Читаем Запечатленный труд (Том 2) полностью

Непрерывное раздумье и полное раздвоение личности: жизнь внешняя вся по-прежнему — обычная работа в мастерской, прогулка, разговор через решетку с товарищами-соседями о чем угодно, видимо, обычном и доступном; и жизнь внутренняя — подводное течение мысли и чувства, непрерывно бегущее в одном и том же направлении. Напряженная внутренняя работа… Загадка, которую нужно разрешить и которой не находишь разрешения. Предстоит жизнь, а кругом нет реальной почвы.
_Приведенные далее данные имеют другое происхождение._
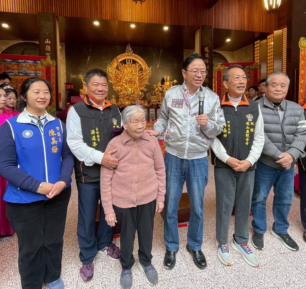 張善政指出,現場有位百歲人瑞特別前來共襄盛舉,與百年古剎見證歷史新頁,場面溫馨且具傳承意義。張市長除感謝修建主任委員楊鑫坤及主委游進添的付出,也期勉廟方繼續扮演地方信仰樞紐角色,引領信眾在桃園從事更多善行義舉,讓社會更加祥和安定。
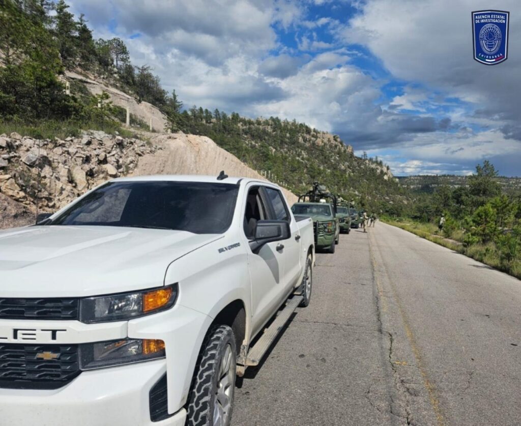 Mientras que, en una brecha que conduce de esa misma localidad al poblado de Sisoguichi, encontraron un vehículo abandonado de la marca Ford, línea Ranger, modelo 1994, color blanco, que contaba con reporte de robo interpuesto 04 de noviembre del año 2024, en el municipio de Cuauhtémoc.
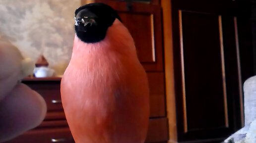 Домашний снегирь поёт. А второй ест с руки грецкий орех.
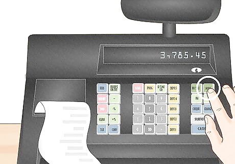 Hit the corresponding department button. Most registers require that you hit a button after the amount that assigns that item to a category of sale (for instance, clothing, food, etc.). Department keys can be programmed to be taxable or nontaxable. Consult your machine's manual for instructions on programming tax rates to correspond with keys. Looking at the receipt: press arrow or FEED key to have the register feed the receipt upwards so you can read what totals are being recorded on the receipt. Every item you add on will be added to a running total, which is usually displayed on the cash register reader or screen.

Она, эта реальная почва, шаг за шагом в течение 20 лет убегала из-под ног, и вместо нее являлась пустота. Куда, в каком направлении ушла жизнь за четверть века? Что в ней отмерло, заглохло? Что откинуто и разрушено? И что народилось, пустило ростки, развилось и, быть может, возмужало? Что?

И ты подобно пустыннику у Лескова, 20 лет простоявшему на столбе, внезапно слышишь голос: «Иди в Дамаск!» Слышишь голос, призывающий в жизнь, и подобно ему страх жизни охватывает тебя, отрешившегося от жизни не только плотью, но и духом.

Я походила на человека, которому неизбежно приходится плыть, и он не умеет, не знает. Когда-то в прошлом он умел, но забыл и недоумевает: что ему с собой делать? Перед ним, кругом все море да море; под ногами крошечная глыба земли, на которую со всех сторон наступают воды, они наступают, и день за днем кусок земли убывает, размываемый волной. Умеет или не умеет — все равно плыть придется. А он, пока еще есть время, обдумывает, как плыть. Обдумывает телодвижения, как взмахивать руками и двигать ногами; в какую сторону плыть; где земля и какова мера сил его. Он боится и сомневается в себе, в капризах моря… колеблется: что будет делать, как будет действовать? И никто не может помочь ему, чтобы среди водной пустыни представить себе, как вести себя, бросившись в воду…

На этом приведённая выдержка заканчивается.